Mommy multi-tasking at its finest: pumping, bottle-feeding and taking a selfie.
We went back to the lactation consultant for an in-house procedure where they clipped that little membrane under his tongue that was holding back his full range of motion. We could see a visual difference right away. There was also a difference in nursing and as we worked on proper latching and stretching.

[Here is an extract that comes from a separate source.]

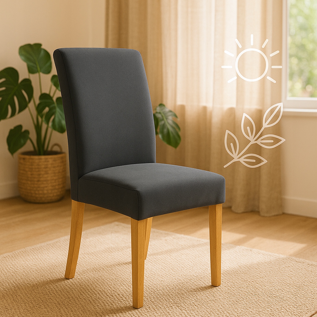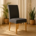 ➡️ Rozciągnij pokrowiec i umieść go na oparciu krzesła. ➡️ Dociągnij materiał równomiernie w dół. ➡️ Dopasuj do siedziska, wygładzając powierzchnię. ➡️ Dzięki wszytym gumkom pokrowiec pozostaje na miejscu. ➡️ Gotowe – możesz cieszyć się odmienionym krzesłem!

This story is getting pretty long so I’ll fast-forward and condense some here. I did everything I thought I was supposed to do. I wanted to breastfeed my baby more than anything in the world. But after all our hard work, all our struggles, my baby just wanted to be held and fed. We spent hours going to physical therapy appointments, doing tongue-tie stretches at home, paying for personal lactation consultants, renting an infant scale, documenting weighted feedings, writing down what I ate, trying to eat foods to help my supply, taking herbal/prescriptions supplements to increase my supply. But my son refused the breast more and more and just wanted a bottle. I ended up pumping, turning right around and giving him that milk in a bottle, then chasing the breastmilk bottle with a formula bottle and then doing it all over again. This routine left no time to enjoy our time together. Once he refused to feed at the breast, I focused my energy on pumping and trying to get as much breastmilk I could to him through a bottle. But I could never keep up. I spent so much time stressing over getting him this liquid gold it brought me to tears from exhaustion. I finally broke down on the phone one day with the hospital lactation consultant (maybe around month 5). I wanted to know if I should be spending longer time pumping or doing it more often but shorter session. I just needed answers, I needed someone to tell me how to fix this. She stopped me and said the words I needed to hear. She told me I had done everything I should have. That I had given my baby the gift of breastmilk but that I need to stop and look at the situation. Is all this time and energy I’m spending pumping and worrying about making milk consuming time I should be spending enjoying my baby? She told me I did good. She told me that formula was OK. She told me what I needed to hear. I’ve always been an extremely hard worker and I don’t stop until my goals are achieved. But I’ve always struggle with this crucial question… When to say “all-done” and move on or when to try harder. I made the decision then that spending quality time with my baby during these limited and special days was more important to me then the type of milk he received. My first born is now almost 4 years old. He is as healthy as can be and could not be closer to his momma. That is all I could ask for.